This book is not one that can be easily pigeon-holed. It is not a textbook of evidence, nor a theoretical model, nor even a practitioner's guide to mental health services. After puzzling about it for some time I think it is really a map. People who do not have maps tend to get lost unless they already know the terrain, and Graham Thornicroft and Michele Tansella have discerned that very few have such prior knowledge. One reason for this is that the names on the map are like the street names in former East European capital cities: they change every few years. Who reading this will recognise all the following: AIMHS standards, CLSCs, HOMOs and MINI? (They are all systems — from Australia, Canada, the USA and the UK respectively — that give guidance or standards for mental health services to a geographically defined population.)
The map (matrix) that the authors plot is a comprehensive one in two dimensions, space and time, with three levels of scale for each: country, catchment area and individual (patient) in the geographical dimension, and the input, process and outcome phases of care for the temporal dimension. The subsequent plot of nine cells is not perhaps a creation of true genius, which I might describe as the comprehensive elicitation of a universal truth, but it grows with the telling. Indeed David Goldberg, in a challenging foreword that illustrates how lopsided are our present mental health care systems, comments rightly that the book “fizzles with excitement”, and there are certainly many passages that evoke the OCNIAMS phenomenon (of course, now it all makes sense), which is around level three on the nine-cell path to genius.
The main value of the matrix model is that it allows direct comparison between services, resources and care for all mental health ‘events’, illustrated beautifully by Leon Eisenberg in his account, in the preface, of a 1986 homicide tragedy involving a patient with schizophrenia on a ferry boat in New York. He had been seen 4 days earlier in an emergency room and the psychiatric house officer concerned was unable to find a bed because the patient was uninsured and without funds. The subsequent inquiry focused on the failures at patient level; they did not address the wider issues of service, including national and state policy, which was largely responsible for the absence of beds.
Time after time this book illustrates the value of an epidemiological approach to mental health care. Thornicroft & Tansella have four aims: to unify the description of mental health services, to give a sequence of order to complex events, to aid understanding and to enable priorities to be set for improvements in services. Like good scientists they subject their model to ‘field testing’ by five colleagues in other countries: Lesage (Canada), Munk Jørgenson (Denmark), Rosen (Australia), Tomov (Bulgaria) and Warner (USA). They perform this task admirably and illustrate how the model can be used to compare the nine cells of the matrix in different countries. It is interesting to note that psychiatric service provision to a population shows virtually the same variation in Bulgaria and the USA, that in Denmark, resources and service provision for psychiatry are almost entirely controlled at county level, to the extent that the central Ministry of Health is emasculated and is referred to as the Ministry of Attitudes, and that liaison between community mental health teams and primary care in Quebec is almost non-existent.
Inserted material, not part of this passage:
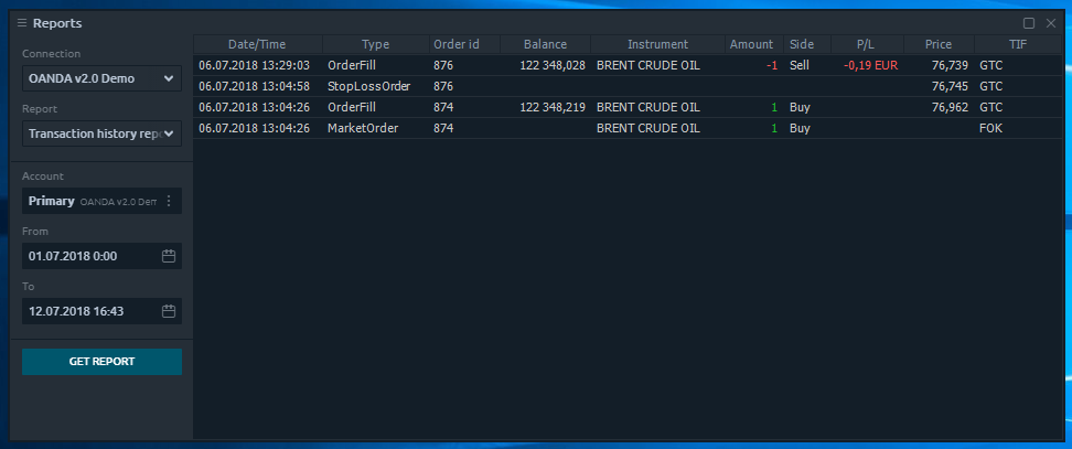 The Reports panel was created to allow traders to get the various statistical information from their broker. The list of available reports vary depending on the broker. Some connections doesn’t provide reports at all.

This book deserves to be a success because it is articulating the voice of an emerging part of psychiatry with which I am proud to be associated — public mental health. The authors quote Geoffrey Rose, who complained that psychiatrists “seem generally unaware of the existence and importance of mental health attributes of whole populations, their concern being only with sick individuals”, and although he wrote this in 1993 the comment is still largely true today. I hope that practitioners and planners of mental health and social services will see the benefits of this model in understanding how resources should be allocated and distributed and will determine whether their own particular services are up to scratch in all elements of the model.
Perhaps the authors will be able to produce a second edition before long in which they could indulge in the fashionable (but still useful) practice of league tables, whereby they can examine services from countries throughout the world and place them in divisions of merit. After reading this book I think that Australia would be very near the top of the league, that the UK would probably be in the middle of the premier division and the USA would be challenging for promotion from the second.